One day, there was enough silent tension in the room between me and mother that my brother asked his wife what was going on. She whispered, “Can’t you tell? They’re fighting!”
Reading body language and facial cues was extremely important for our survival as a species. If a person could not read the body language of an enemy or angry tribe member, they had a high likelihood of dying (see pursed lips above).
There are also body language cues that indicate when a potential mate is interested (or not). When the guy in a bar doesn’t know that we are interested when we play with our hair, lean in close and bite our lower lips, he’s going to go home feeling a little…blue. If people had not learned how to read those cues, we would have died off as a species millennia ago.

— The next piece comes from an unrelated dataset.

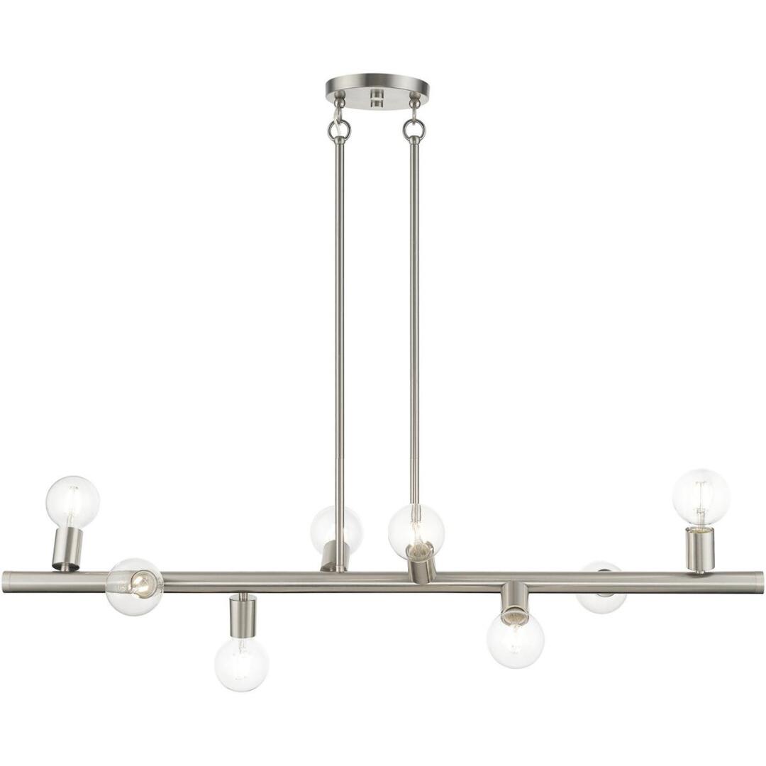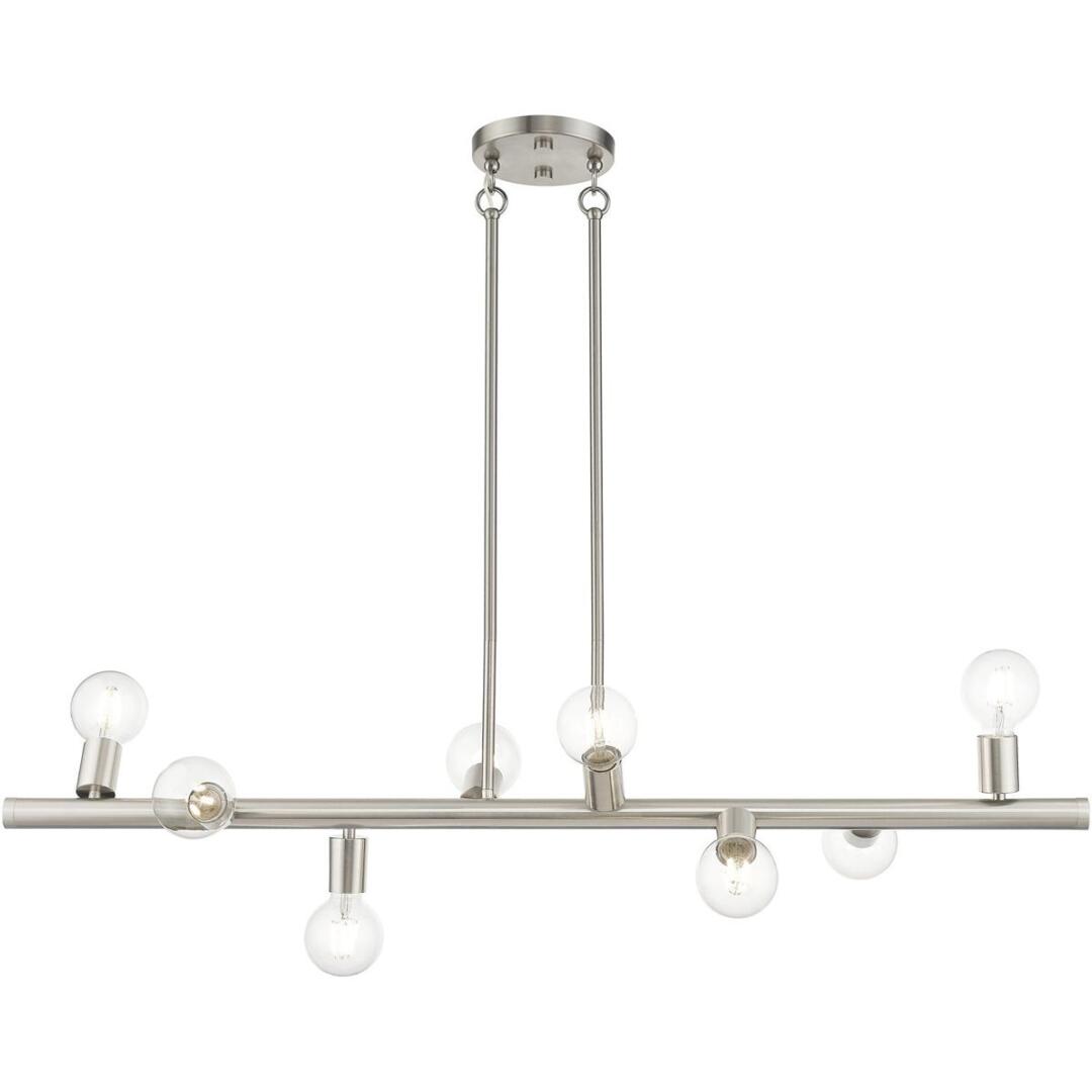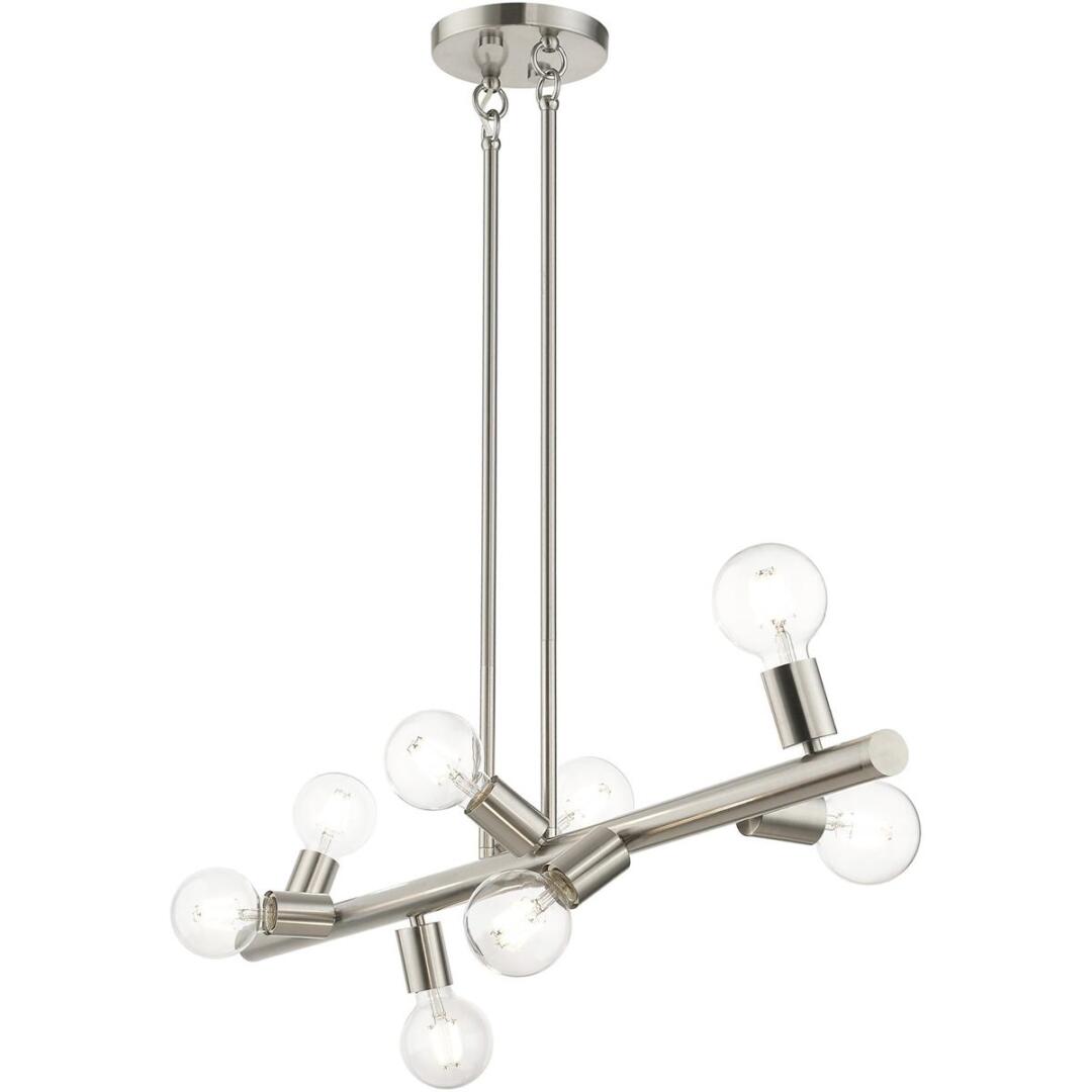 Simplicity and attention to detail are the key elements of the Bannister collection. The dimensional form, exposed bulbs and combination of finishes adds a playful mood to a contemporary or urban interior. This eight-light asymmetrical large chandelier design gives a new face to a kitchen or dining room. It is shown in a brushed nickel.

You can’t learn how to pick up a girl by watching The Bachelor.
The author goes on to say that children must learn these things from interaction with an actual person, not a video or CD.
Which brings me to texting, emails and tv.
I’m a fan.
I love texting and emails because as I’ve gotten older, I like people less and less. Texting and email enable me to simply ask for the information I need without engaging in actual conversation.

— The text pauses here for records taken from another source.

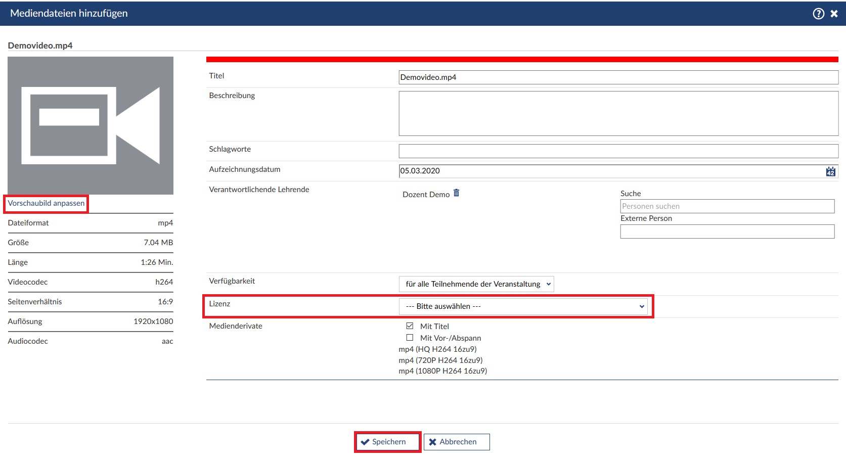 Das einzige, was sie festlegen müssen, um das Video hochzuladen, ist die Art der Lizenz. Als letztes können Sie festlegen, ob vor dem Video der Titel angezeigt werden soll und ob der Vor-/Abspann der Universität Göttingen hinzugefügt werden soll. Zusätzlich können Sie auch ein Vorschaubild festlegen, in dem Sie eine Bilddatei hochladen.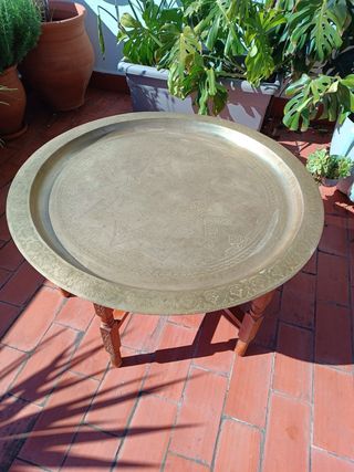 Elegante mesa auxiliar con un diseño árabe y un acabado dorado. - Superficie redonda con intrincados grabados. - Patas de madera tallada.
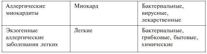 Среди болезней «комплексов» фигурируют экзогенный аллергический альвеолит, постстрептококковый гломерулонефрит, язвы тонкого кишечника при брюшном тифе, ревматоидный артрит и др.

I love television for the same reason—I can lose myself in the storylines because I don’t have to respond to them in an involved way. The directors of the shows even help me out by going in for close-up shots when there is an emotion I need to pay particular attention to (HBO’s The Newsroom is great at this—thank you Aaron Sorkin).
Using technology to socialize is so much less tiring—and it’s making me lazier than those people who circle the gym parking lot to find a space (I mean, really? You’re going to the gym! Walk a little–consider it your warm-up).

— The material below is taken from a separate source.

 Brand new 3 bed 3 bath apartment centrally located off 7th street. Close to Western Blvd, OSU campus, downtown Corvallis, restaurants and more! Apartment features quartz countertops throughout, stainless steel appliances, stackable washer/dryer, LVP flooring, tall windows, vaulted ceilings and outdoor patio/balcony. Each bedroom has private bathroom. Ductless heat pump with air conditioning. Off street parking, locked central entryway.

I used to love sitting around, chatting with my friends, family, and anyone who would hang out. I loved drawing people out, hearing their stories, and offering advice (often unsolicited and even more often un-used). It’s often how I got ideas for my stories and books. There is a reason Southerners love front porches—we can talk and watch the world go by, and get to know you. It’s also why Southerners are so good at the backhanded compliments. We watch and learn what makes people tick by spending time with them, then jab them a silver, sugar-covered shrimp fork.
These days, I am usually in the car and in a hurry. I have resorted to texting and emailing in the name of efficiency, and talking in a very distracted way on the phone as I multi-task at home. And so, it seems, does everybody else.
I miss sitting on the porch, solving the world’s problems, or hearing about a friend’s concerns, and even mine. I miss the clink of ice in a glass as the conversation ebbs and flows. I miss the puzzle that is a friend’s face as they try to convey something that happened, or work out a problem. The subliminal cues are the best part—they are what let other people into our inner sanctum, even when we don’t mean for it to happen.
But, don’t worry, I’m not giving up my electronics. I want my Candy Crush fix as bad as the next person.
People still irritate me, and I love my tv shows, but I think I’ll try to make more of an effort to have some meaningful conversations once in a while, just to keep my ability to read people’s social cues up to snuff. You never know when you might need them to survive—I’ve got teenage daughters. If I ever needed to be able to read subliminal cues, it’s now (yes, girls, I can see your eye roll from here!).